A l’échelle de la France, la carte de réserve utile issue d’un modèle linéaire basé sur des observations satellitaires est comparable à une carte de réserve utile estimée par des fonctions de pédotransfert. Plus de 60 % de la surface des réserves utiles estimées présentent une erreur relative située entre – 50 % et + 50 %.

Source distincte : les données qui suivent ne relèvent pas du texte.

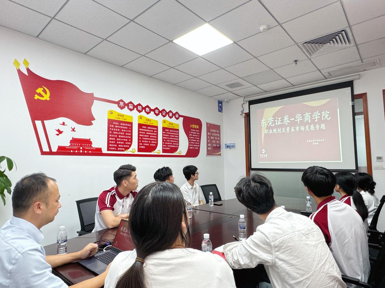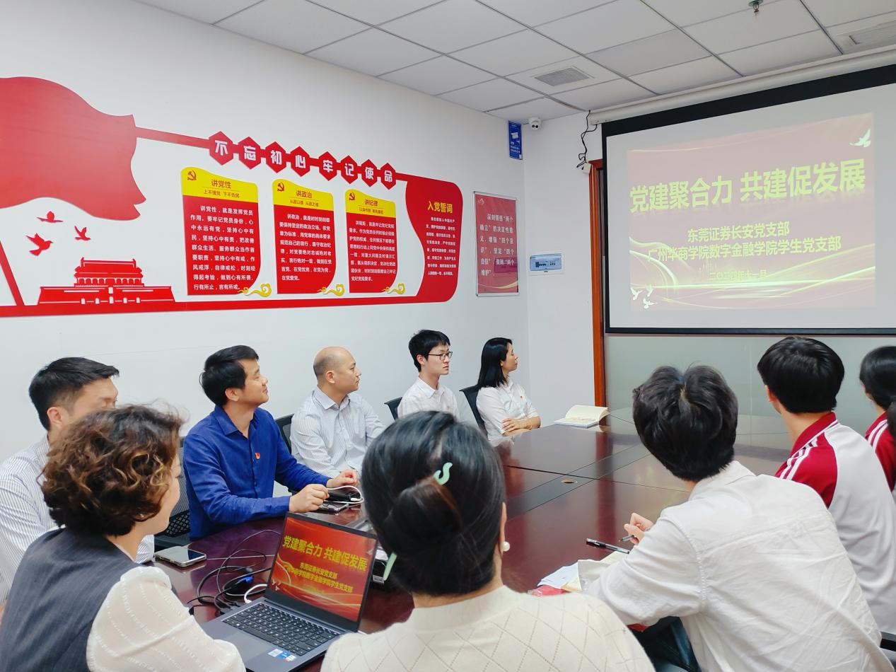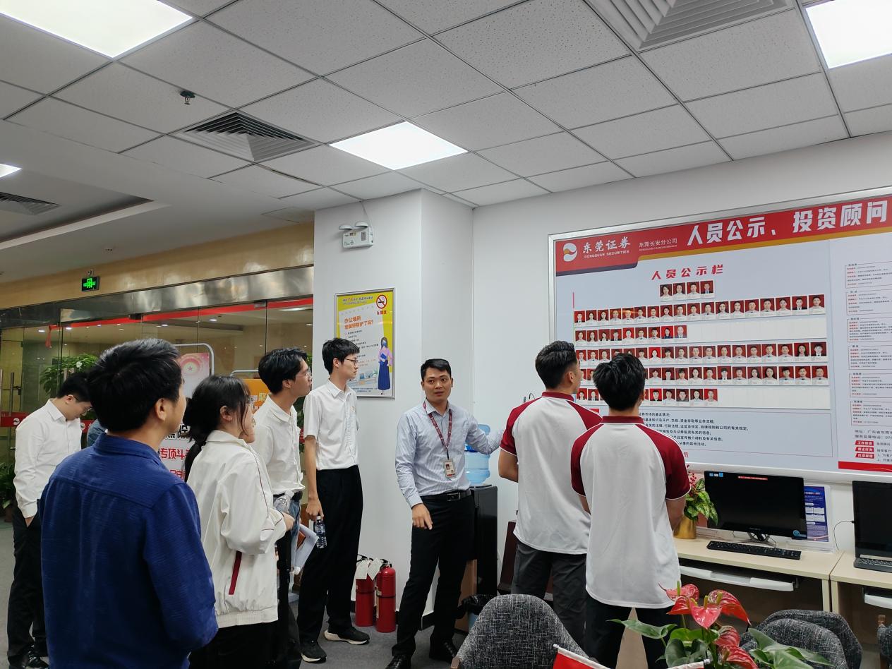 广州华商学院数字金融学院深化校企合作,推动产教融合和校企党建共融,2024年11月5日下午,由党委副书记兼副院长邱会锋、党务工作组织员张文杰老师及学生党员代表组成的团队,前往东莞证券股份有限公司长安分公司进行参观交流,并开展党建共建活动。此行旨在通过实地考察,增进学生对证券行业的认识,提升职业素养与实践能力;开展党建共建活动,借鉴企业在党建工作中的创新做法和成功经验。 东莞证券长安分公司对此次访问高度重视,总经理杨小惠、副总经理邓汉新、陈小燕、曾启华,以及区域总监施祖林、机构业务岗聂振涛等热情接待。座谈会上,杨小惠总经理首先对邱会锋副院长一行表示欢迎,并简要介绍了公司的发展历程、业务领域和市场情况。双方就证券行业热点、职业规划等话题进行了深入交流。杨总建议学生们在校期间注重综合素质提升,积极学习,掌握营销技巧,增强沟通与团队协作能力。 聂振涛针对证券行业的职业前景进行了详细讲解,分析了行业现状与发展趋势,并结合实际案例,阐述了岗位设置、晋升途径、薪酬福利及员工成长路径。他强调证券行业对人才的重视,鼓励学生们投身其中,实现个人与社会的双重价值。 随后,在党员会议室,双方开展了党建共建交流活动。杨小惠书记以“党建聚合力、共建促发展”为题,进行了党课讲解,传达了党的二十届三中全会精神。双方分享了党建工作经验与成果,并就如何加强党建引领、推动业务发展等话题进行了深入探讨。 最后,施祖林区域总监引领邱会锋副院长一行参观了公司,实地了解了办公环境、业务流程、客户服务体系及党员活动场所。通过实地考察,师生们对证券公司的运营模式及业务流程有了更为直观和深刻的理解。 此次走访东莞证券长安分公司参观交流暨党建共建活动,学生们不仅了解了证券公司的运营模式和业务流程,还深刻认识到了证券行业的重要性和发展前景。同时,师生们也与东莞证券长安分公司的员工建立了深厚的友谊和联系,为今后的校企合作奠定了坚实基础。数字金融学院将继续加强与企业的合作与交流,为学生提供更多实习就业机会和职业发展平台。

L’étude des différentes régions remarquables a permis de mettre en évidence :

 Pour des régions présentant des sols fertiles, favorables à l’agriculture et permettant à la végétation de développer leur système racinaire, les deux cartes sont très similaires démontrant la capacité des deux différentes approches d’estimations de la réserve utile à détecter les mêmes « patterns » remarquables ;

 Des résultats contradictoires des deux approches sont observés notamment pour la Champagne Berrichonne et la Champagne Crayeuse. Ces régions présentent toutes deux des sols calcaires. Peu favorables à l’agriculture, elles ont subi des transformations par la mécanisation, le travail du sol et par l’apport de mécanisme de fertilisation. Dans ces conditions de sols calcaires et d’une agriculture intensive, les fonctions de pédotransfert atteignent leurs limites. Il est possible qu’un modèle empirique fondé sur le LAI satellitaire soit plus pertinent.